Due to the rise in human population, the demand for good quality of water for industrial, agricultural and domestic purposes is increasing tremendously over the last few decades, with groundwater being the major source. Over-exploitation of groundwater for various purposes has resulted in pollution of the groundwater resources in a few countries and hence has become a major concern as it has a direct impact on human health and ecological systems. The behaviour of contaminants in the soil and, ultimately, in the groundwater is governed by various coupled complex processes. A quantitative and qualitative assessment of such processes is essential for developing optimal strategies to prevent or remedy the adverse effects of these pollutants. While considerable efforts have been made to understand pollutant dynamics in the root zone and in the saturated zone, very little information is available about their behaviour in the unsaturated zone beneath the root zone. The study of this topic requires a multi-disciplinary approach involving physics, biology, chemistry, mathematics, geology, hydrogeology, hydrology, agriculture, soil science etc. The driving force for pollutant transport in the unsaturated zone is recharge (natural, artificial). Hence, a thorough understanding on the recharge processes is highly essential for abating groundwater pollution. Tracers (environmental, artificial) can provide an insight about the recharge processes taking place in the unsaturated zone.

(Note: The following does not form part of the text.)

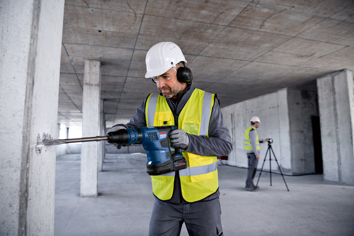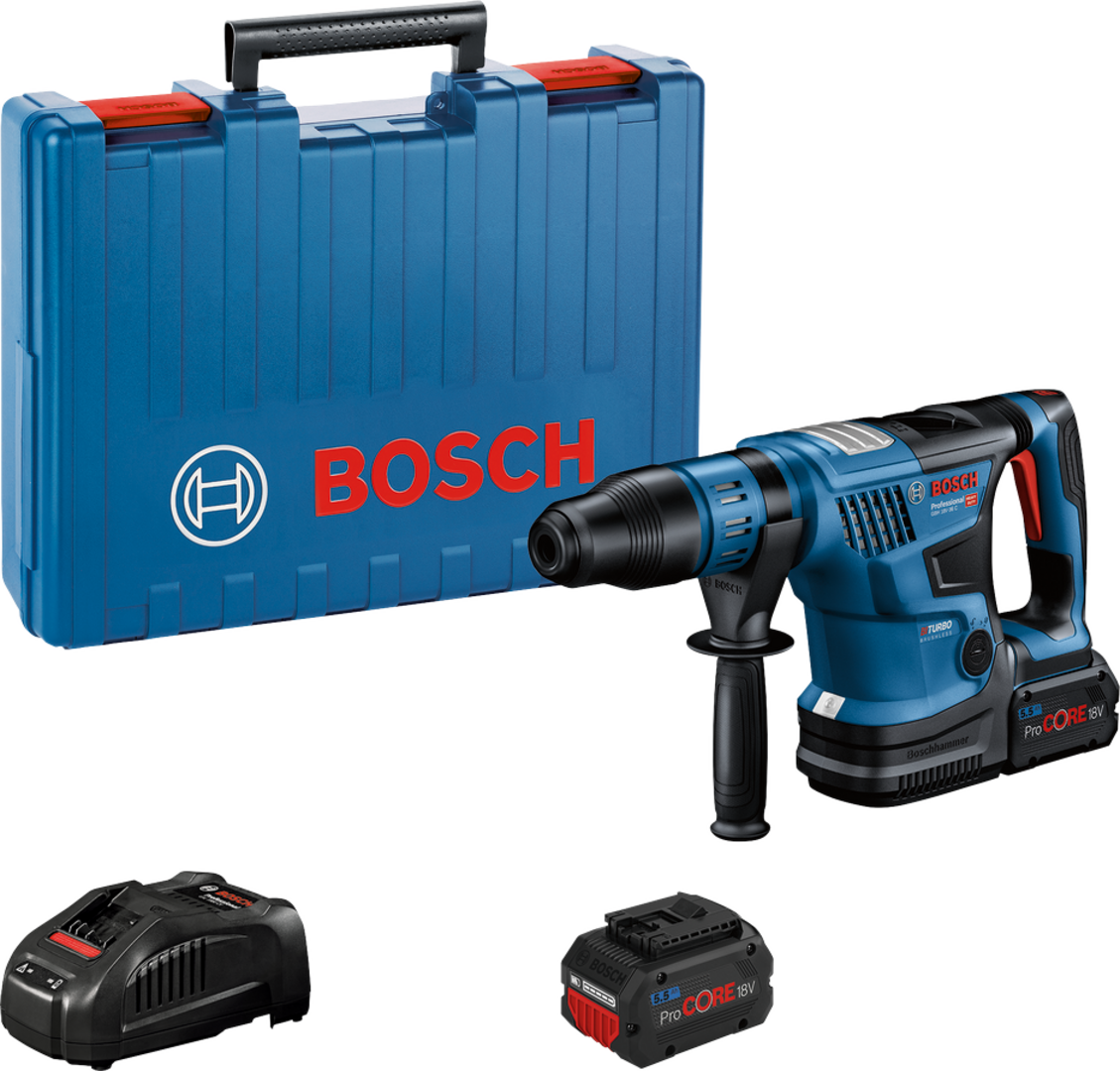 The GBH 18V-36 C Professional combines extreme compactness and high power for tough jobs in concrete. Lightweight at 6.1 kg, its design is significantly more compact and lighter than any other cordless SDS max hammer on the market. , The hammers BITURBO Brushless technology delivers an outstanding performance of 7.0 J max. It is compatible with all Bosch Professional 18 V batteries and chargers (Professional 18V System). For maximum power, use ProCORE18V = 8.0 Ah. Also compatible with AMPShare, the multi-brand battery alliance. , It has a user interface with Bluetooth connectivity for real-time tool status and different tool modes, as well as new electronic features like soft start when drilling and chiselling and a lock-on button for chiselling, making it the smartest hammer available.

Under the International Atomic Energy Agency (IAEA), Vienna, Austria funded Co-ordinated Research Project on “Isotopes in the Study of Pollutant Behaviour in Unsaturated Zone for Groundwater Protection”, environmental (²H, ¹⁸O, ¹³C) and artificial (Li⁺, Br^-, HTO, ⁶⁰Co) tracers were used to understand the various complex processes occurring in the unsaturated zone at the farm site of Indian Agricultural Research Institute (IARI), New Delhi. Also, an estimate on the recharge, mobility of pollutants and related parameters was made. The study was carried out in collaboration with the Nuclear Research Laboratory, IARI.